Editor's note: This excerpt from Embedded SOPC Design with Nios II Processor and Verilog Examples by Pong P. Chu appears courtesy of the editors at John Wiley & Sons Inc. In part 1, we reviewed SRAM, with a particular focus on timing and programming the control. In part 2, we did a similar review of SDRAM. Part 3 of this excerpt reviews methodology for testing memory. Please note, where appropriate, the examples use Alteraís SOPC Builder tool. Although SOPC Builder is in use by developers around the globe and supported by Altera, the company also has a newer tool called Qsys that does everything SOPC Builder does and more.
16.8 TESTING SYSTEM
We create a simple Nios II system to verify the operation of memory modules. The top-level diagram is shown in Figure 16.17. The system consists of a PLL core to generate the clock signal, a JTAG UART core to display messages on the console, and three memory cores, including an embedded on-chip memory, an SRAM controller, and an SDRAM controller. The testing program is stored in the on-chip memory. It first writes data to the SRAM and SDRAM modules and then reads it back to check errors.
Click image to enlarge.
Figure 16.17: Top-level diagram of memory testing system.16.8.1 Testing hardware configurationNios II system
We can create the testing Nios II system in SOPC Builder. The procedure is:
- Add and configure a Nios II/e processor and rename it cpu.
- Add an on-chip memory module of 16 KB and rename it onchip_mem.
- Add the SRAM controller module and rename it sram.
- Follow the procedure in Section 16.7 to add an SDRAM controller module and rename it sdram.
- Select the on-chip memory module for the reset and exception vectors.
- Add and configure a JTAG UART module and rename it jtag_uart.
- Add a system id module and rename it sysid.
- Follow the procedure in Section 16.7 to add an ALTPLL module and rename it pll.
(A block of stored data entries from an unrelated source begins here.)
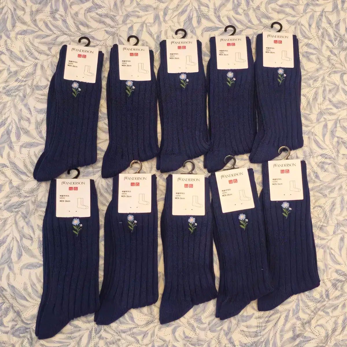 UNIQLO JW Kinloch Anderson キンロックアンダーソン リップソックス 花刺繍 メンズ 靴下 ネイビー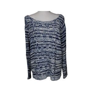 Chico's Sweater Size Extra Large Blue Open Knit Boat Neck Lagenlook Flowy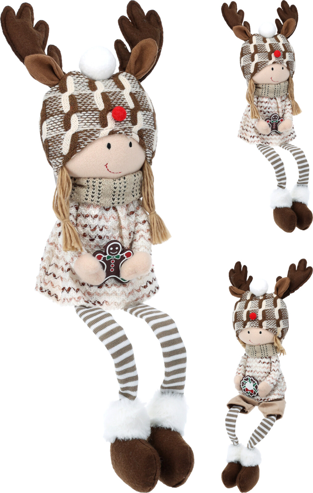 Celková výška této dekorace dosahuje 61 centimetrů, což jí propůjčuje výraznou přítomnost v každém vánočně vyzdobeném prostoru. Hlavní barvy dekorace jsou přírodní hnědá a jemná béžová, které vytvářejí harmonický kontrast a přidávají do prostoru teplý a přívětivý nádech. Vánoční dekorace klade důraz na detail, což jí dodává autentičnost a výjimečný charakter. Umístění tohoto chlapce s čepicí se sobími parohy do vašeho vánočního interiéru přinese do prostoru jedinečný kousek vánoční atmosféry, který zaujme a nadchne každého návštěvníka.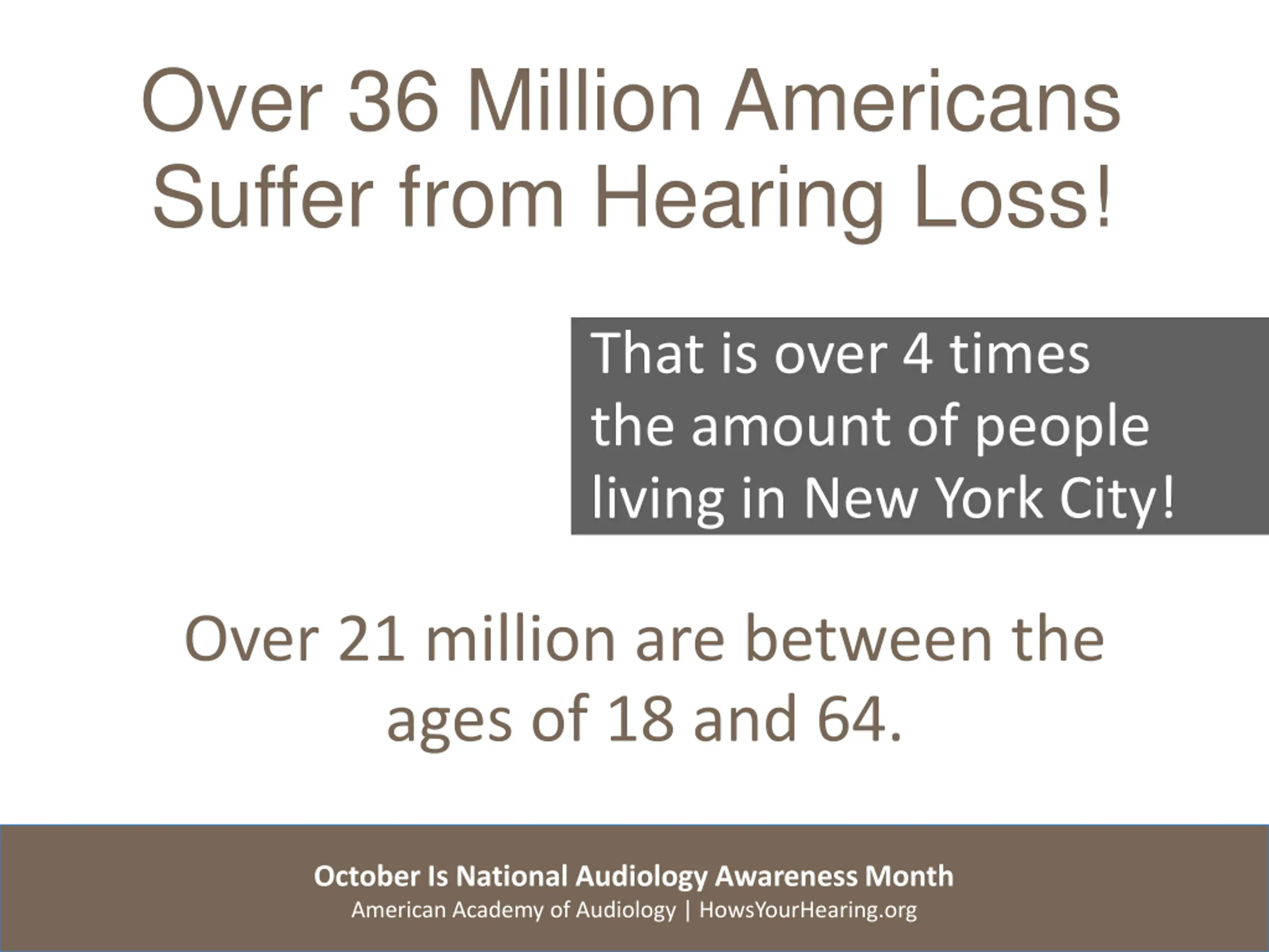 Over 36 Million Americans Suffer from Hearing Loss! That is over 4 times the amount of people living in New York City! Over 21 million are between the ages of 18 and 64. October Is National Audiology Awareness Month American Academy of Audiology | HowsYourHearing.org

The Clock Setting panel of the SOPC Builder is updated to include two additional clocks, labeled pll_c0 and pll_c1, which are the two outputs of the pll module.
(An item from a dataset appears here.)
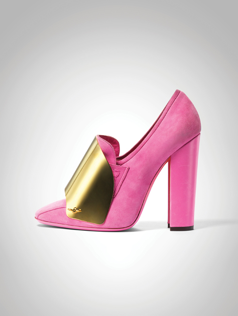 오버사이즈의 기하학적 골드 메탈 장식이 유니크한 핑크 힐 가격 미정 YSL.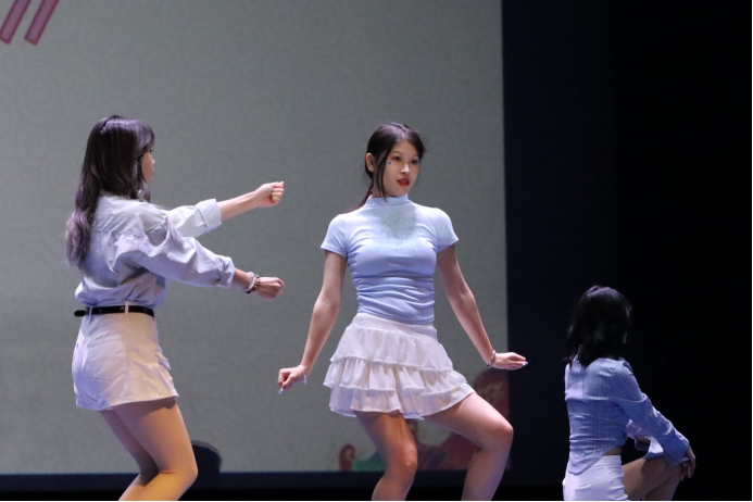 观众的应援棒挥舞着,舞台灯光交错,光影与此起彼伏的欢呼声中,是院舞队舞动的身影,一曲《drama》点燃全场。

- Rename the external clock clk_50M and rename two PLL clocks clk_sys and clk_sdram, as shown in the top of Figure 16.18.
- In Clock column, verify that the external clk_50M clock is the clock source for the pll module and select clk_sys as the clock source for all other SOPC modules.
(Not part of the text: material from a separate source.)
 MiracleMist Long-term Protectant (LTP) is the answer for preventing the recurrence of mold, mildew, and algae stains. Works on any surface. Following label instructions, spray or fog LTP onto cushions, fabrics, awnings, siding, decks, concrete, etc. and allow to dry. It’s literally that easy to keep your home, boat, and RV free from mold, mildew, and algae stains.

- Generate HDL and information files.
Although the basic steps are similar to those in Section 11.5.1, this procedure has several unique features. First, there are three memory modules in the system. Since we want to store a testing program in the on-chip memory module later, we must select it for the reset and exception vectors in step 5.
Second, because of the inclusion of a PLL module, the system contains three clock sources (one external clock and two PLL-generated clocks). If we click the Clock column of a module, a pull-down menu with three clock sources appears. Because we want to use the PLL-generated clk_sys to drive the Nios II system, we must change the clock source for all modules, as in step 10. The screen capture of the completed system is shown in Figure 16.18.
Finally, the economy core (i.e., Nios life) must be selected for the testing system because the data cache of fast core may interfere with the memory testing operation.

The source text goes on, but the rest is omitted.